(WORK ORDER): Only one stretch of the material below is wanted: everything from the line containing "Рис. 96. Установка" down to the line containing "Leonard Mlodinow Prominent", both ends included. Repeat it exactly and skip the pictures.
(DATASET ENTRIES begins)
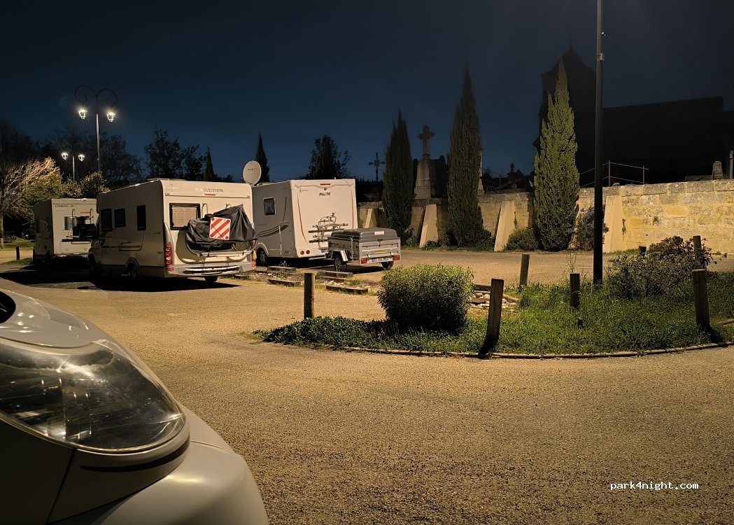 Le succès de ce spot ne se dément pas. Ce soir nous sommes 3. la place pour 2 est prise par 1 cc ! En même temps 2 cc a cet emplacement...c est trop serré. Nous prenons donc 3 places de voiture sur le reste alouees aux voitures. A 20h00 ce jeudi soir il y a peu de monde à honorer les défunts . il y a aussi le parking en face de la mairie, sans barrière de hauteur et plat. a 200 m, sans la vue.
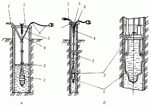 Рис. 96. Установка электронасоса вибрационного типа: а – в обсадной трубе скважины; б – в колодце; 1 – насос; 2 – кольцо; 3 – связка провода со шлангом; 4 – капроновая подвеска; 5 – пружинная подвеска; 6 – провод; 7 – шланг.
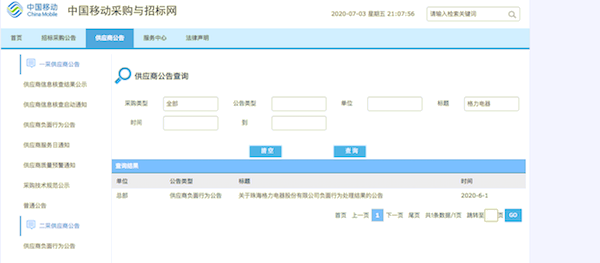 第一财经在中国移动采购与招标网上看到《关于珠海格力电器股份有限公司负面行为处理结果的公告》于6月1日发布,时隔一个月突然大面积发酵令不少人感到意外。记者询问中国移动“弄虚造假”具体指什么,官方并未透露,只表示以公告为准。
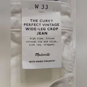 Madewell Curvy Perfect Vintage Wide Leg Crop Jeans W33 NWT Tile White NU078
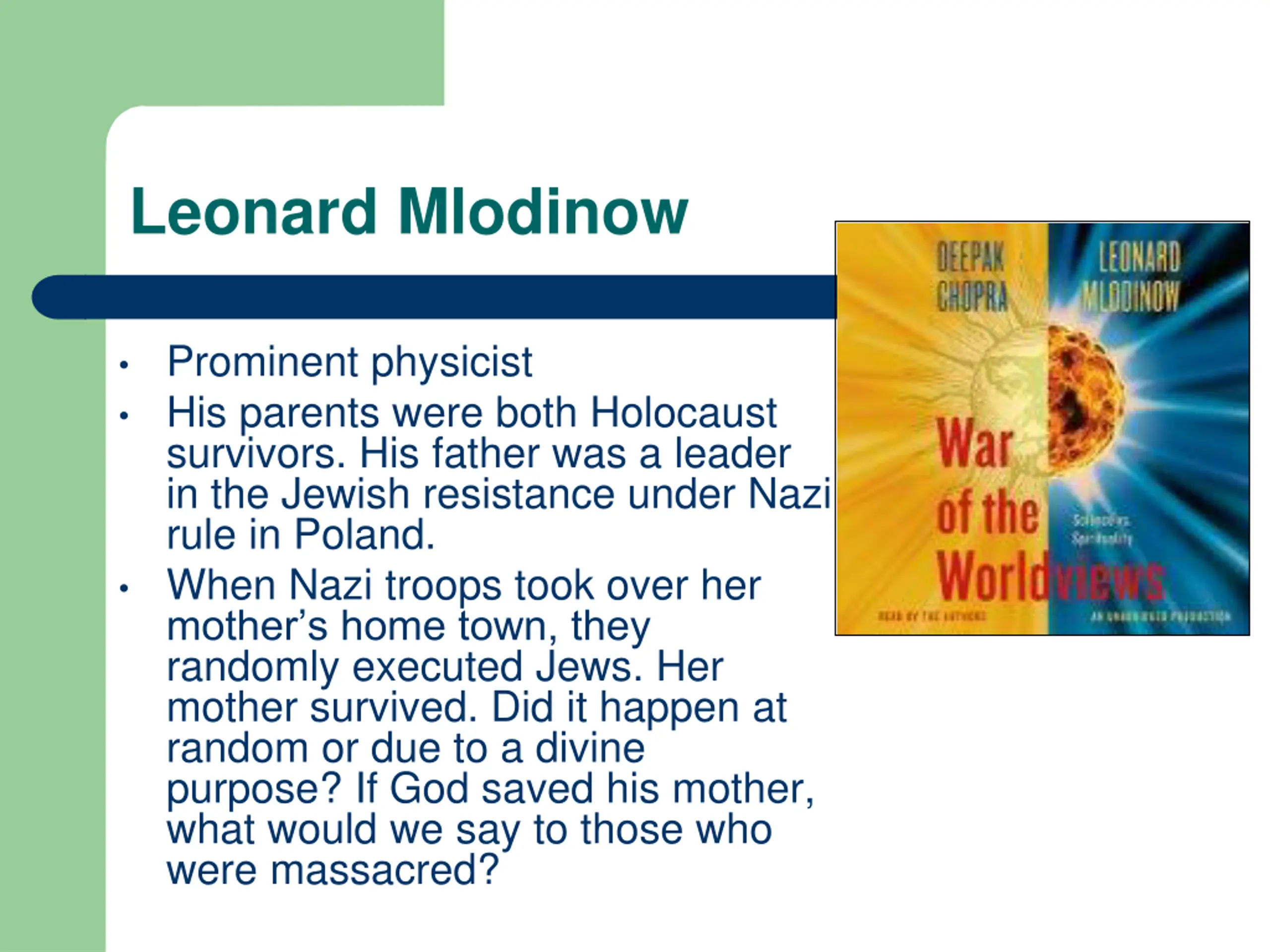 Leonard Mlodinow Prominent physicist His parents were both Holocaust survivors. His father was a leader in the Jewish resistance under Nazi rule in Poland. When Nazi troops took over her mother s home town, they randomly executed Jews. Her mother survived. Did it happen at random or due to a divine purpose? If God saved his mother, what would we say to those who were massacred?
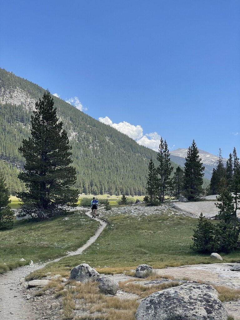 We started at Yosemite Valley (Happy Isle Trail head) on Day 1 (June 27th) at 8:25AM PT. This was a beautiful section of the course including Nevada Falls. We made sure to follow the correct route re: Mist Trail warning on the FKT site. We were issued the permit to do Half Dome but chose not to add this to our route. The climb out of the valley was tough, especially with full packs so we did not make as much progress as we hoped on day 1. We setup a small camp end of day a little past 8:00PM PT which we rested longer than we probably should have until the next morning.
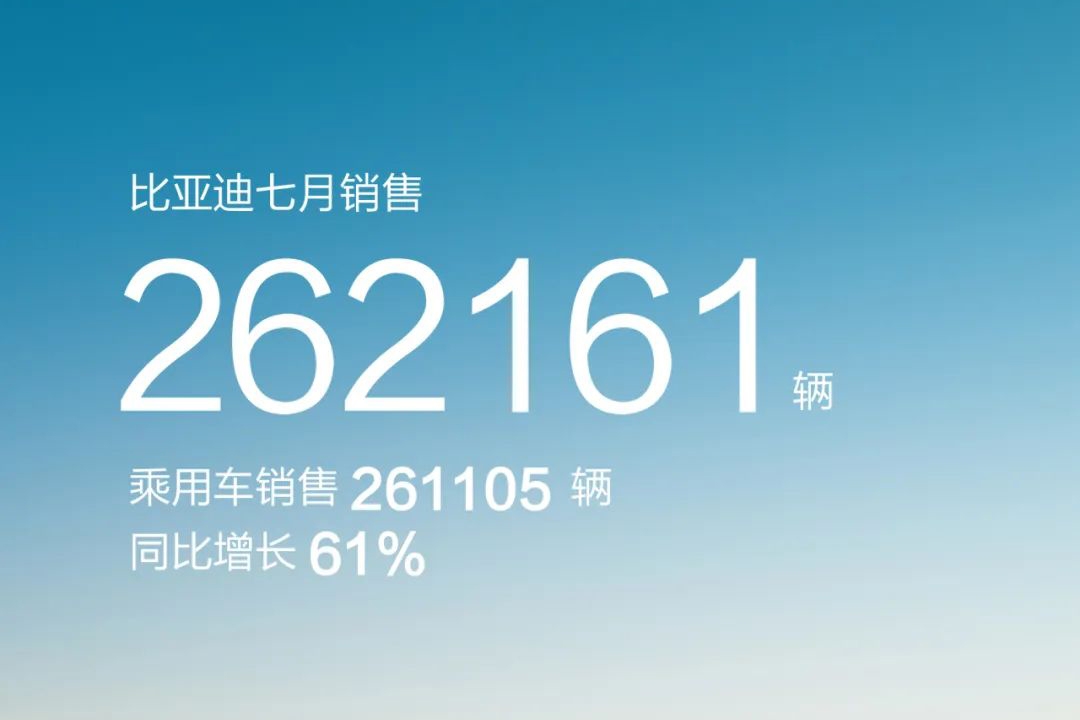 7月,比亞迪共銷售汽車約26.22萬(wàn)輛,同比增長(zhǎng)61.3%;新能源汽車動(dòng)力電池及儲(chǔ)能電池裝機(jī)總量約為 ... 查閱全文
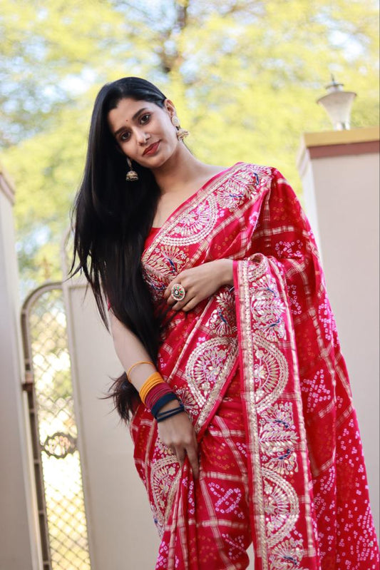 Pure Gaji Silk Bandhani Heavy Gotapatti Work Saree with blouse
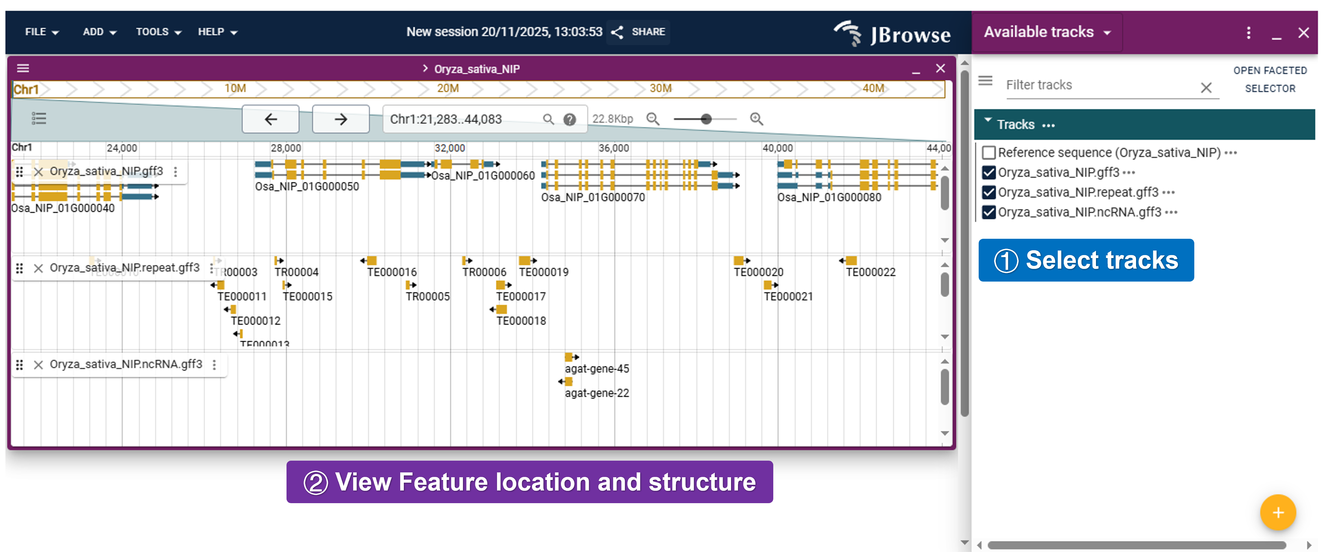 - JBrowser2: Visualize genomic data and explore the genome structure and features.
(DATASET ENTRIES ends)
(YOUR RESPONSE):
 Рис. 96. Установка электронасоса вибрационного типа: а – в обсадной трубе скважины; б – в колодце; 1 – насос; 2 – кольцо; 3 – связка провода со шлангом; 4 – капроновая подвеска; 5 – пружинная подвеска; 6 – провод; 7 – шланг.
 第一财经在中国移动采购与招标网上看到《关于珠海格力电器股份有限公司负面行为处理结果的公告》于6月1日发布,时隔一个月突然大面积发酵令不少人感到意外。记者询问中国移动“弄虚造假”具体指什么,官方并未透露,只表示以公告为准。
 Madewell Curvy Perfect Vintage Wide Leg Crop Jeans W33 NWT Tile White NU078
 Leonard Mlodinow Prominent physicist His parents were both Holocaust survivors. His father was a leader in the Jewish resistance under Nazi rule in Poland. When Nazi troops took over her mother s home town, they randomly executed Jews. Her mother survived. Did it happen at random or due to a divine purpose? If God saved his mother, what would we say to those who were massacred?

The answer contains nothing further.